Каждый день повторялось одно — сонно, лениво. Жидкая рисовая каша, как будто из жалости соскобленная со дна, попытки подружиться и в чем-то признаться той двенадцатилетней (кажется, ее звали Соня) — и полная недосягаемость дома… Белые смятые простыни с пятнами капельницы, ядовитый больничный запах, спортивные штаны и сланцы, заикающийся сосед, волшебная надпись «Выход», мерцающая над дверью, освещая прерывистый сон; вязкие, запинающиеся строки книжки, бабка-уборщица, играющая на унылой гармошке, заначка в тумбочке, зачуханная церковь и желтый лист за окном — и ничего, кроме этой палаты и коридора с туалетом, и подземных коридоров, и больных уколов, и скучной игры в «города», и тарелки каши, появляющейся сама собой и заставляющей жить, даже если не очень-то хочется, даже если очень скучно. И нет дней — есть только сон.
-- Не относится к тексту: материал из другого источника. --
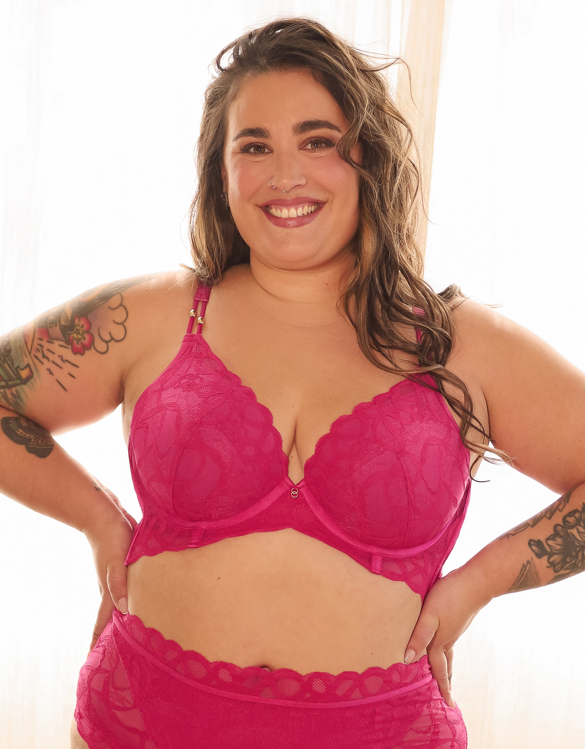 Der moderne Plunge-Schnitt betont Dein Dekolleté auf elegante Weise, während die grafische Spitze mit feiner Bogenspitze am Ausschnitt Deine Sinnlichkeit sanft unterstreicht. Goldene Details setzen luxuriöse Akzente, die Dich daran erinnern: Du verdienst es, Dich selbst zu feiern.

— Ладно, будет вам удовлетворительно! — Очки задрали свой нос с волосами. — Но я в последний раз ставлю «удо» за такой ответ. Считайте — в память о вашем покойном отце.
Из замка в замок: больница — школа — университет. Устинов шел по стопам отца — успешным, богатым, покойным — прямо в медицину. По пути он продолжал засыпать — когда было скучно, когда было страшно, когда было стыдно, когда было смешно, — а все улыбались и делали вид, что так оно и должно быть.
Он любил «Вольного стрелка» Вебера, читал гностиков, Блейка и хотел понять механизм снов — засыпал прямо в морге. Его восхищала возможность дотронуться до запретного нутра человека, переступить границу, — но это преступление ни к чему не вело: Устинов копался в мозгу, дергая ту извилину и эту: он не знал, откуда берутся сны, он не знал, зачем они снятся.
Даже чай отчаялся. Безусловное блаженство воды — плыть в лодке посреди зеленых дорог. Впереди маяк машет красным флагом: через него можно попасть в лабиринт из желе — он запутанный и непонятный, зато, если не получится найти выход — стену всегда можно съесть. И там снова будет она, в карем платье, — туфелькой давить белые ягоды: и захочется тоже, но она скажет серьезностью налитые слова:
— Тебе не помогут эти тренировки.
— Какие?
— Эти.
— Какие?
И мысль осознания загудит, назойливая, как комар.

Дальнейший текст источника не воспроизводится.